This project focuses on color classifying by K-Nearest Neighbors Machine Learning Classifier which is trained by R, G, B Color Histogram. It can classify White, Black, Red, Green, Blue, Orange, Yellow and Violet. If you want to classify more color or improve the accuracy you should work on the training data or consider about other color features such as Color Moments or Color Correlogram.
You can use color_recognition_api to perform real-time color recognition in your projects. You can find a sample usage of color_recognition_api in this repo.
Run color_classification_webcam.py to perform real-time color recognition on a webcam stream.
Run color_classification_image.py to perform color recognition on a single image.

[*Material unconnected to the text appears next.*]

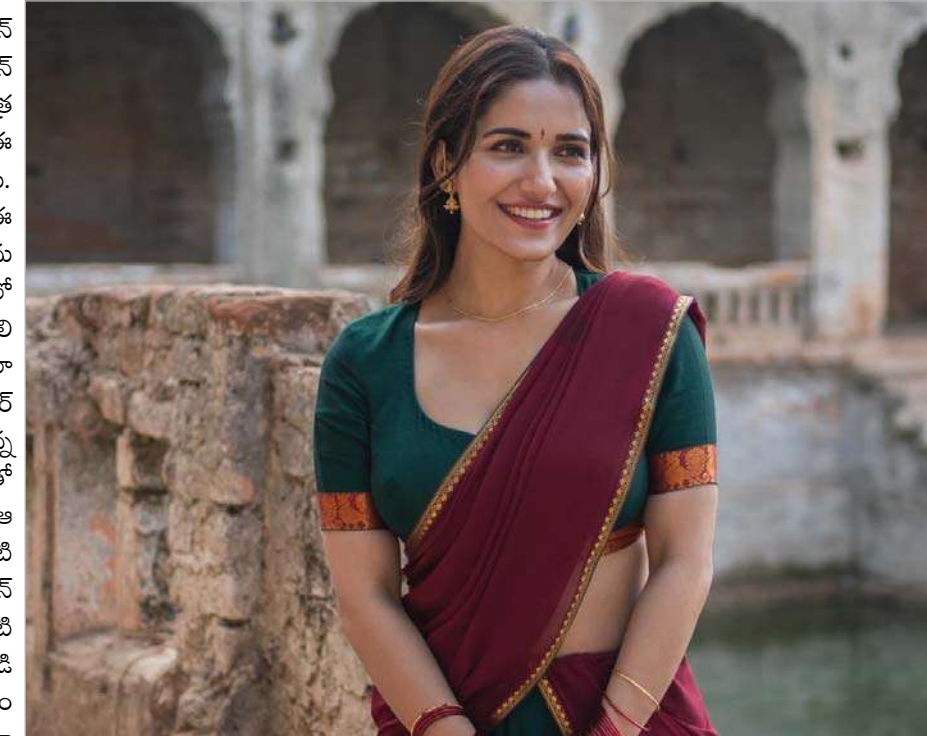
ఇప్పటికే తన గ్లామర్ షోతో, బోల్డ్ యాక్టింగ్తో తనకంటూ సవరేటు అభిమాన పర్సాన్ని సంపాదించుకున్న రుహానీ సోషల్ మీడియాలో చాలా యాక్టివ్గా ఉంటుంది.

రీసెంట్ గా స్టార్ అనే తమిళ సినిమాతో హిట్ కొట్టిన కెబిఎన్ తాజాగా నటిస్తున్న చిత్రం 'మూస్సో'. దిగ్గజ దర్శకుడు వెట్రిమారన్ నిర్మిస్తున్నారు.

What does this program do?
- Feature Extraction: Perform feature extraction for getting the R, G, B Color Histogram values of training images
- Training K-Nearest Neighbors Classifier: Train KNN classifier by R, G, B Color Histogram values
- Classifying by Trained KNN: Read Web Cam frame by frame, perform feature extraction on each frame and then classify the mean color of it by trained KNN classifier.
In this study, colors are classified by using K-Neares Neşghbor Machine Learning classifier algorithm. This classifier is trained by image R, G, B Color Histogram values. The general work flow is given at the below.
You should know 2 main pheomena to understand basic Object Detection/Recognition Systems of Computer Vision and Machine Learning.
1.) Feature Extraction
How to represent the interesting points we found to compare them with other interesting points (features) in the image.
2.) Classification
An algorithm that implements classification, especially in a concrete implementation, is known as a classifier. The term "classifier" sometimes also refers to the mathematical function, implemented by a classification algorithm, that maps input data to a category.
For this project;
1.) Feature Extraction = Color Histogram
Color Histogram is a representation of the distribution of colors in an image. For digital images, a color histogram represents the number of pixels that have colors in each of a fixed list of color ranges, that span the image's color space, the set of all possible colors.
2.) Classification = K-Nearest Neighbors Algorithm
K nearest neighbors is a simple algorithm that stores all available cases and classifies new cases based on a similarity measure (e.g., distance functions). KNN has been used in statistical estimation and pattern recognition already in the beginning of 1970’s as a non-parametric technique.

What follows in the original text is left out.